Наверное, теперь, когда война почти кончилась, подобные мирные картинки возникают словно сами собой. Сплетаются пряничными узорами из сериалов гала–телевидения. Там хоть и чувствуешь беззастенчивую, надуманную слащавость, но все равно радуешься счастливой развязке, человек всегда радуется хорошему…
Чепуха, разумеется! Просто устал. Распустил сопли. Воюю я уже давно, слишком давно, и так же давно стараюсь не задумываться, за что воюю. Просто не хочется снова лезть под огонь, вжиматься в землю, стартовать на форсаже, хрустя суставами от перегрузок. И ощущать, каждым сегментом брони ощущать на себе оптическое ликование дальномерных прицелов. Какого черта, если война почти кончилась?!
Почти… Ключевое слово здесь все–таки «почти», перечеркивающее все остальное жирным крестом… И поэтому надо втянуть слюни, собрать сопли в горсть и выдвинуться, наконец, из–за камней, по возможности не нарвавшись на очередь.
В конце концов, кто в доме хозяин? Человек, царь природы, или какая–нибудь «аптушка» с кремниево–силиконовыми мозгами?

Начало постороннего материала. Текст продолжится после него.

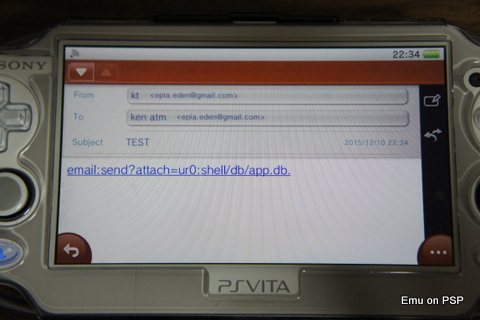 (9)ファイルを保存する (10)いじったapp.dbを #0 とリネームをして、件名: ur0:shell/db/app.db としたメールを作成して #0を添付してPS Vitaへ送付する

«А фильтры шлема все–таки окончательно разрегулировались, – вяло соображаю я. – И взбадривающие боекоктейли броня больше не впрыскивает, то–то усталость повисла на плечах, как рюкзак с кирпичами. Понятно, наступаем и наступаем…»
И все на грабли!
Планета Казачок. 9 ноября 2189 г.
Территория 4–го укрепрайона.
12 часов 25 минут.
– «Ромашка–1», «Ромашка–1», как слышишь меня, прием? – снова окликнула меня взводная связь.
На этот раз – Кривой.
– Нормально слышу, «Второй».
– Двигаюсь к тебе, сейчас буду, – сообщил Вадик. – Прикрой меня.
– Давай, прикрою! Готов?
– Сейчас, погоди… На раз–два?
– Давай на раз–два, – согласился я. – Раз–два… Пошли!
Отвлекая огонь, я выскочил над своим укрытием и начал садить в белый свет длинными беспорядочными очередями. Нервная машинка сразу нащупала меня своей лазерной оптикой, на экране шлемофона запульсировали красные тревожные точки. В ушах, дублируя световые сигналы, зазвучало предупредительное пиликанье, но я успел рухнуть вниз, под защиту надежных камней.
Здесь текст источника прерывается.